Tamara and her family returned not long ago from Russia's St. Petersburg region, where they were temporarily housed. Their current housing in Mariupol still has damage from shelling, and temporary workers are rebuilding the structure while some of the units are still occupied.
She says she was glad to be back; the air quality is better since all of the city's heavy industry has been destroyed. "The climate has gotten better because the factories are no longer working," she said.
But, she added, "My husband was just barely able to get a job, and now he's afraid that they might cheat him out of his salary."
Sewage pumping is still a major problem that the Russian administration hasn't repaired, Andryushchenko says.
"The sewage system doesn't work and everything just goes into the sea, further clogging the sewage system. What can be built if you add new houses to the nonworking sewer system without rebuilding the sewer system?" he said.
One St. Petersburg woman who recently returned from delivering medication and other humanitarian aid to Mariupol says she saw lots of construction workers.
"I had the feeling there are more builders than locals," the woman, Svitlana, said. "It seemed to me that they were more actively restoring dilapidated housing, rather than building new ones."
But the city, she adds, is still a largely demolished wasteland. Some residents told her that buildings were being torn down even though human corpses remained inside.
"Windows are being installed in the burnt-out eye sockets of the apartment buildings, even before plumbing and electricity is being restored and the charred walls are cleaned off," she said. "There's a burnt smell everywhere."
'You'd Better Just Take What You Can Get'
After leaving Mariupol early last year, Olha, a retired bookkeeper, and her daughter Natalya, who worked at one of the city's metallurgical plants, were sent to the Leningrad region, near St. Petersburg. They struggled to get by, Olha says: their monthly rent sucked up nearly all of their wages from cleaning houses.

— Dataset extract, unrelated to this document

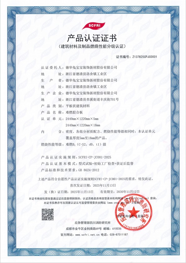 在这一高标准社区中,兔宝宝难燃胶合板作为室内装修的核心建材,为建筑安全注入了硬核基因。产品率先获得由应急管理部四川消防研究所颁发的行业首张难燃B1级证书,“含金量”十足,标志着兔宝宝的产品防火等级从“合规”迈入了“领先”的新阶段,为高端住宅的消防安全提供了更高等级的保障。
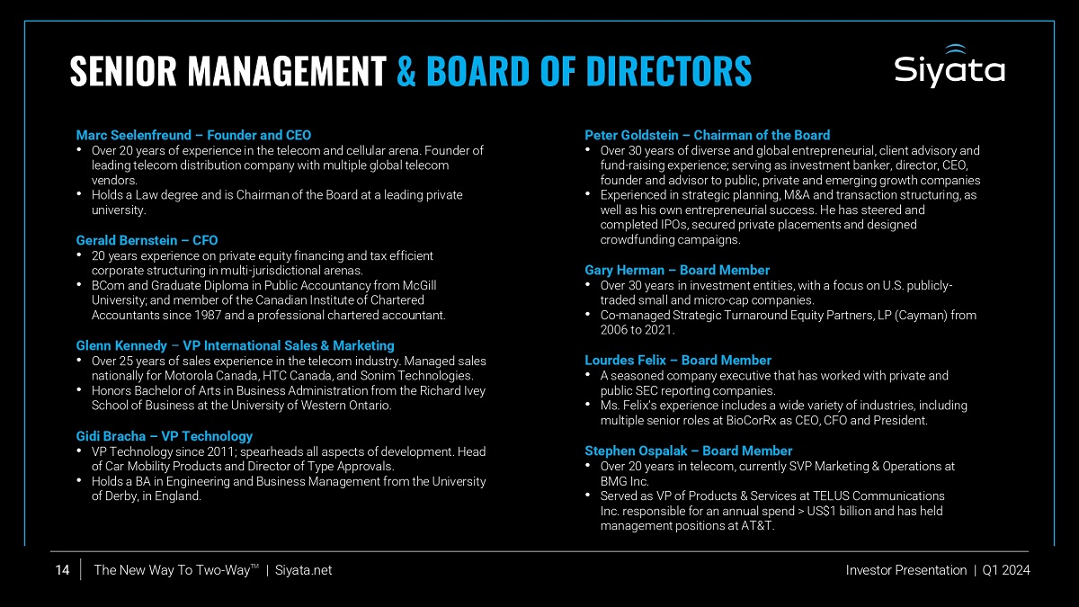 13资本化表1。备考纳入37,023只预筹认股权证,报0.07美元。2.不包括在770美元及以上的22,171份期权和认股权证。截至2024年2月5日NASDAQ:SYTA 607,485股已发行普通股14,390股限制性股票单位17,143份期权@5.01629,018美元完全稀释后已发行2股投资者介绍| 2024年第一季度通往双向的新方式TM | Siyata.net

In January 2023, they returned to Mariupol. Their apartment was more or less intact, though she said it had been pillaged and everything stolen.
The two set out to repair the apartment, hiring workers; but the quality of the workmanship was shoddy; the windows had to be replaced from scratch.
Natalya gets by selling cigarettes on the black market, Olha says. Olha is hoping to get a monthly pension from the administration of the Donetsk's People Republic -- the Russian puppet government that controls much of the region where Mariupol is located.
She said city authorities were scrambling to assign new housing to people looking to return. Some of her friends have received housing assignments but the units are located in inconvenient places.
Officials then told them: "You'd better jump at this [opportunity]. A lot of people return to the city, refuse [housing assignments], and then get nothing at all'," Olha said her friends were told.
"You'd better just take what you can get," Olha said. "And what difference does it make where you live? The main thing is it's in your hometown."
For their part, Ukrainian authorities express confidence that Mariupol will return to Ukrainian control one day.
Andryushchenko said the Ukrainian administration is drafting its own reconstruction plan, with funding they hope will come from the World Bank and large corporations.